Мы можем столкнуться с тем, что произойдет большое падение доходов, и все наши социальные завоевания прошлых лет одномоментно обесценятся. Люди, которые ездят на хороших автомобилях, купленных в кредит, находятся в сложном положении. Власть также находится в очень серьезном кризисе, потому что она не признаёт кризис, а без этого признания невозможны никакие осмысленные действия. Чем дальше, тем ситуация в целом сложнее, тем выше вероятность ошибок и их цена.

Как настроения при этом будут меняться во взаимодействии с экономикой, даже если и будет этот длинный тренд антизападничества? Если эти два тренда (в экономике и в сознании) идут параллельно, они начинают взаимодействовать. В советское время была такая фраза: «Кто носит майку “Aдидас”, тот завтра Родину продаст!» Сегодня вся страна носит «Aдидас», ездит на рэнджроверах, на которых висят ленточки, и начинает страдать от диссонанса между телевизором и холодильником. Этот диссонанс будет усиливаться, но я не берусь делать прогнозы, что из этого выйдет.

Кирилл РОГОВ:

По поводу торговли и строительства: но разве сокращение рабочих мест в строительстве и торговле не абсорбируется оттоком мигрантов?

Владимир ГИМПЕЛЬСОН:

Я не верю в заоблачные оценки количества трудовых мигрантов в стране. Что может абсорбировать безработицу, так это неформальный сектор, микропредпринимательство и самозанятость. Но поскольку их душат все время, абсорбционный потенциал здесь ограниченный. Кроме того: что такое небольшая строительная компания? Это некое количество инженеров, прорабов, юристов, бухгалтеров плюс какое-то количество гастарбайтеров-рабочих. Если эта компания разорится, гастарбайтеры уедут, но свои-то останутся без работы. Гастарбайтеры и местные работники часто комплементарны, взаимосвязаны, и, таким образом, создавая места для гастарбайтеров, мы создаем места для своих работников.
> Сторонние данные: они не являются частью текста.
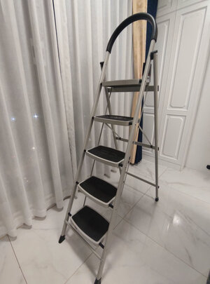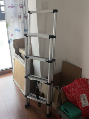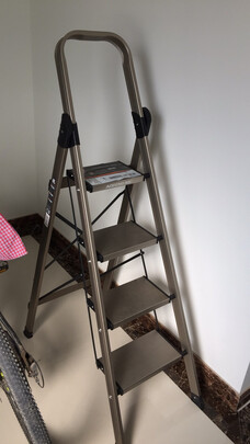 宝贝收到了,物流很快,第二天就到了。自己家里用,选择的四步梯足够用了。梯子是铝合金材质的,非常漂亮,高大上的感觉,站在踏板是也很稳当。非常满意。

Мы считаем Крым символической вещью, тем не менее в какой-то момент становится понятно, что и символы имеют свою цену. Когда счет будет в полной мере предъявлен, мы не знаем того, как люди себя поведут. Губернатор Ткачев ведь уже заявил, что за Крым расплачиваться надо, он имел в виду, что это того стоит. Тем не менее, он это связал.

Вторая вещь, которая мне приходит в голову, это цинизм. Я тут вспомнил фразу про Талейрана – «Он продавал всех тех, кто его покупал, он продал бы и отца родного, если бы за него хорошо заплатили». Мне кажется, что для значительной части наших элит это характерно.

У меня недавно был разговор с преуспевающим бизнесменом, выходцем из крупной международной компании. Он абсолютно европейский человек, с хорошим английским, я сажусь к нему в машину – Range Rover, но с символической ленточкой, к автомобилю привязанной. Заходит речь о том, что происходит. Говорит, вот импортозамещение – это так важно, начинает мне рассказывать, как это выглядит, если посмотреть на импортозамещение с точки зрения экономической истории. Абсолютный патриотический восторг по этому поводу. Я его перебиваю и спрашиваю: «Подождите, назовите мне три успешных случая импортозамещения, известных экономической истории». Он мне говорит: «Да какие три? Нет ни одного!»

Михаил ДМИТРИЕВ:

«По мере углубления кризиса внешнеполитический конфликт тоже получит негативную окраску в личном опыте людей»

Во-первых, об антизападнических настроениях в обществе. Мне кажется, как таковые антизападнические настроения сопоставимы с антикитайскими. И те и другие, если посмотреть историческую ретроспективу, актуализировались или ослабевали в зависимости от интенсивности внешнеполитических конфликтов, от восприятия угроз. Они смещались от очень интенсивного уровня (например, восприятие американской или китайской угрозы в 1960-е годы) до резкого ослабления.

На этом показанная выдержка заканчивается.